Collected data
■ ■ ■ ■ ■

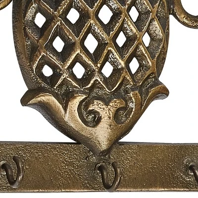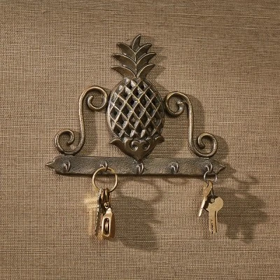 The pineapple is an enduring motif that represents a welcoming symbol for the home. This antique brass key hook features a beautiful pineapple and scroll design and provides an attractive solution for your storage needs. There are five small hooks that are perfect for house keys, car keys or even jewelry pieces. This decorative wall organizer will easily coordinate well with many home decor trends like chic, modern contemporary, farmhouse and more.
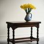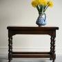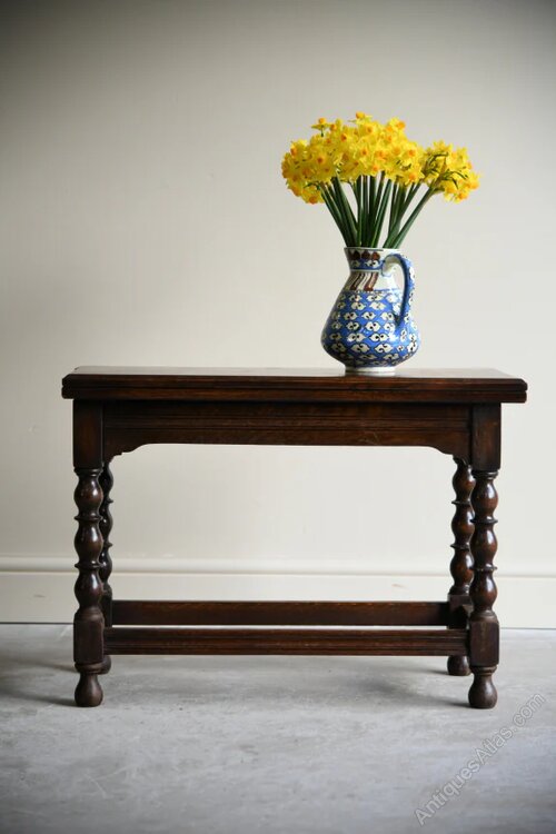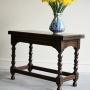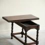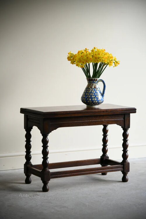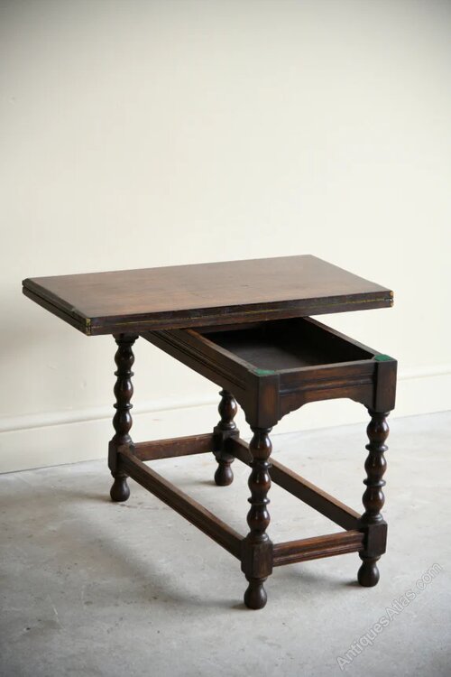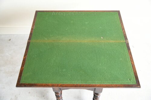 Small oak games table. Early - Mid 20th Century oak side table of late 17th century revival design, featuring a rectangular turnover top with baize lining, raised on four well-turned baluster legs united by peripheral stretchers. The proportions make it a versatile piece — ideal as a lamp table, side table or occasional table.Dimensions: 66cm wide x 33cm x 49cm high x 66cm when open
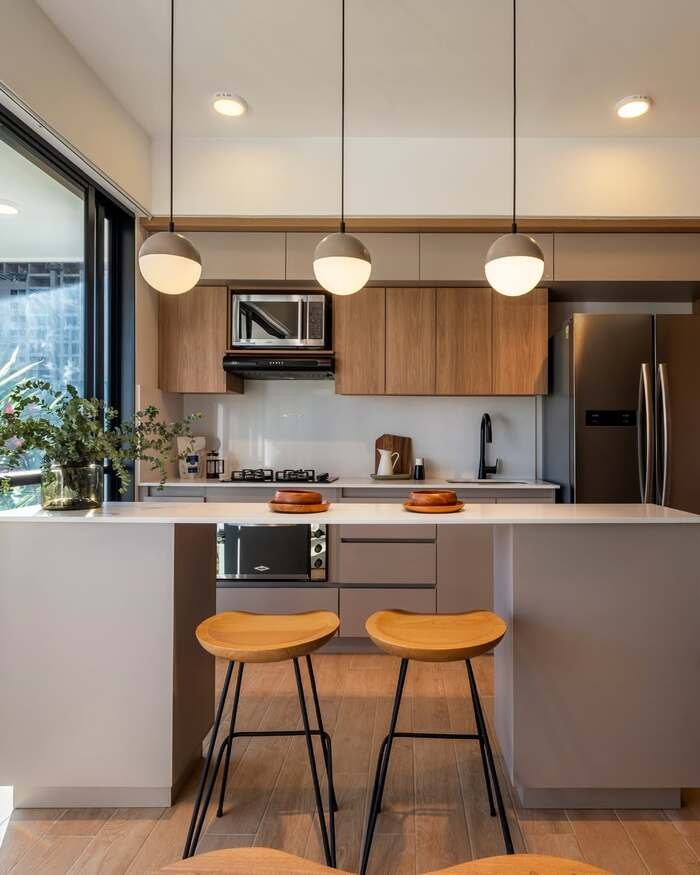 I also like how bar stools slide in clean. That’s the big win. If you pick stools with no arms or slim arms, you can tuck them in and keep walkways open. Add two pendant lights above and suddenly it looks intentional, not like you’re eating beside the sink because you’re out of options.

■ ■ ■ ■ ■

What you will do
Each line from the start of the listing above through the line with "Small oak games" is what to output, exactly as written and without pictures.

Finished task
 The pineapple is an enduring motif that represents a welcoming symbol for the home. This antique brass key hook features a beautiful pineapple and scroll design and provides an attractive solution for your storage needs. There are five small hooks that are perfect for house keys, car keys or even jewelry pieces. This decorative wall organizer will easily coordinate well with many home decor trends like chic, modern contemporary, farmhouse and more.
 Small oak games table. Early - Mid 20th Century oak side table of late 17th century revival design, featuring a rectangular turnover top with baize lining, raised on four well-turned baluster legs united by peripheral stretchers. The proportions make it a versatile piece — ideal as a lamp table, side table or occasional table.Dimensions: 66cm wide x 33cm x 49cm high x 66cm when open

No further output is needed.